Дмитрий Быков
Аборт
В предисловии к единственному поэтическому «Избранному» Шкапской, которое ее дочь издала в Москве в 1996 году за свой счет, тиражом 150 экземпляров, Михаил Гаспаров писал, что столетие со дня ее рождения (1991) и сорокалетие смерти (1952) прошли фактически незамеченными. Пусть же, думаю я, будут отмечены две другие даты – девяносто лет со дня ее первой публикации и семьдесят пять – с того дня, как она перестала писать. Обе эти даты для поэта и есть, по сути, дни рождения и смерти. Поэт Шкапская прожила пятнадцать лет, выпустила пять сборников и оказалась прочно, капитально забыта. А между тем в двадцать третьем году Флоренский ставил ее вровень с Цветаевой, выше Ахматовой. И здесь – как, впрочем, почти во всем,- я склоняюсь перед его провидческой правотой.

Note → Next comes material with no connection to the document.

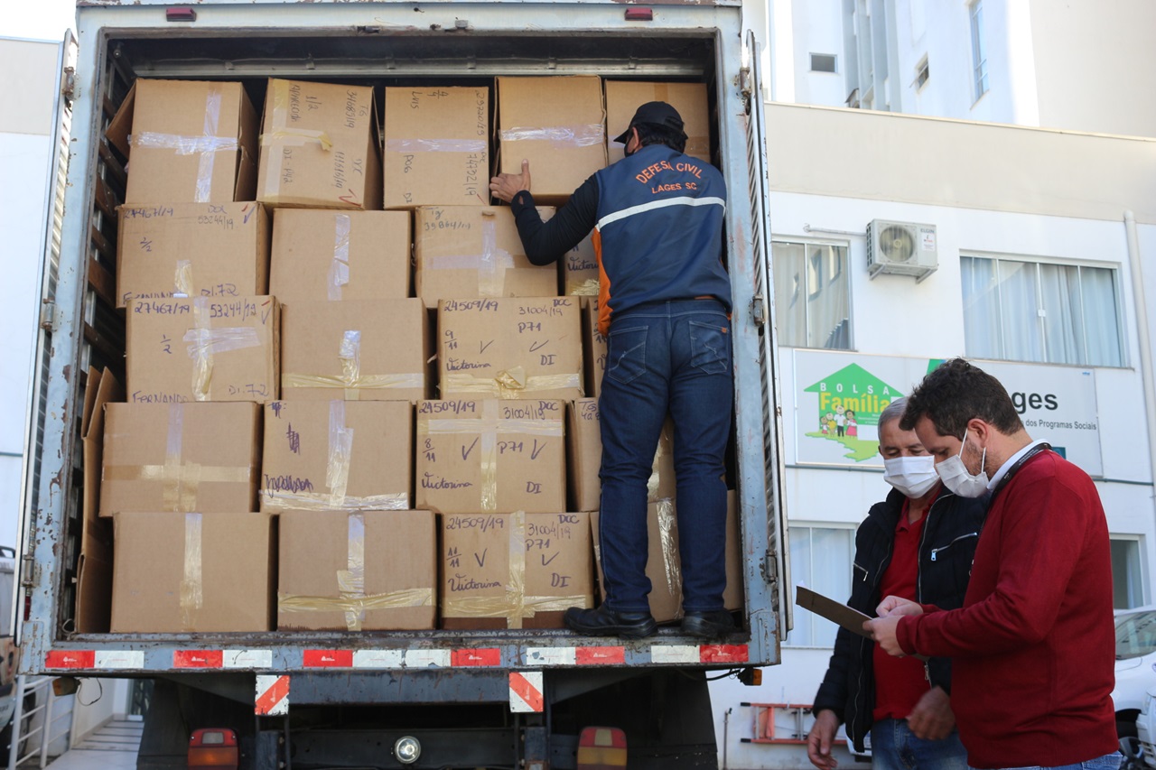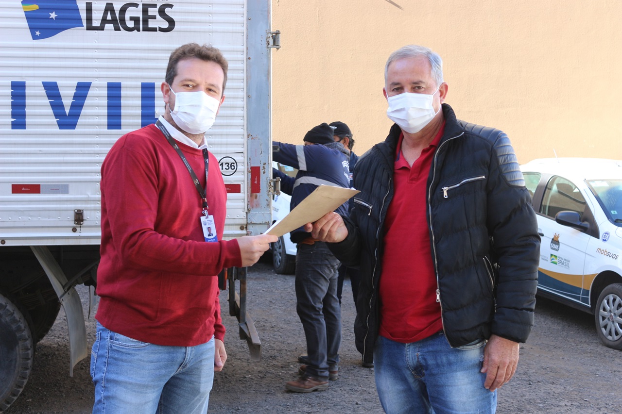 O transporte da carga, que chegou lacrada, foi feita pela Defesa Civil de Lages, e a entrega do material foi feita diretamente pelo secretário Executivo da Defesa Civil, João Eduardo Pacheco, ao secretário da Assistência Social e Habitação, Jean Pierre Ezequiel.

Из шестидесятилетнего забвения Шкапскую вырвал Евгений Евтушенко, за что ему низкий поклон. То есть за рубежом, конечно, ее помнили хорошо: на волне феминизма женская поэзия там сделалась объектом пристальнейшего внимания, и Шкапскую стали рассматривать исключительно с этой точки зрения. Это был страшно обедняющий, смешной подход, но и на том спасибо: о ней стали появляться монографии, в 1979 году Борис Филиппов издал в Лондоне очень приличное избранное… Первую републикацию ее стихов в России предпринял именно Евтушенко в своей антологии, которая, думается мне, есть величайший подвиг в истории русской литературы второй половины нашего века. Печаталась антология как раз в «Огоньке», и именно там прочел я стихи Шкапской впервые. Дело было после армии; никакие стихи меня тогда, что называется, не брали. Шкапская писала в строчку, без разбивки на строки, строфы отбивая абзацами. Это были как бы и не совсем стихи – стихи человека, которому вся мировая поэзия показалась чем-то недостаточным, а само понятие стихотворного столбца – позорным, манерным. И я запомнил на всю жизнь:
«Петербуржанке и северянке – мил мне ветер с гривой седой, тот, что узкое горло Фонтанки заливает невской водой.
Знаю, будут любить мои дети невский седобородый вал, потому что был западный ветер, когда ты меня целовал».
Тут была катастрофа, ощущение потопа, и этой катастрофой была любовь, но не только. Тут было захлебывающееся сладострастие гибели, гибели общей, которая счастливо (именно то слово) совпала с личной и в результате дала великий текст. Но еще страшнее было другое:
«Старые мои, мои мертвые, глаз ваш слеп и язык ваш нем, и черты ваши полуистертые не хранятся никем.
Но кровь вашу непрерывную хранит моя бедная плоть, и ей вашу власть неизбывную – не обороть».
Я не знал тогда – и откуда было бы взять это знание, при полном отсутствии текстов?- что это была одна из главных, если не главная вообще, тема Шкапской: страшная кровная связь с поколениями и поколениями мертвых, которых она носит в себе, как в тюрьме,- но эта тюрьма становится единственной средой, в которой они живы. Она – в их плену, но и они – в ее затворе, и душно им вместе, но порвать эту связь нет сил. В ее крови словно было древнее проклятье,- я не знал тогда, какое проклятье она действительно носила в себе. Страшное сочетание силы и слабости было в ее неправильных строчках, в ритмических сбоях, и слабость эта выражалась с небывалой силой:
«Скудные, хилые, слабые, человеческие семена, хозяйка хорошая не дала бы нам для посева такого зерна.
Но Ты из Недобрых Пастырей, Ты Неразумный Жнец.- Всходы поднимутся частые – терн, полынь и волчец».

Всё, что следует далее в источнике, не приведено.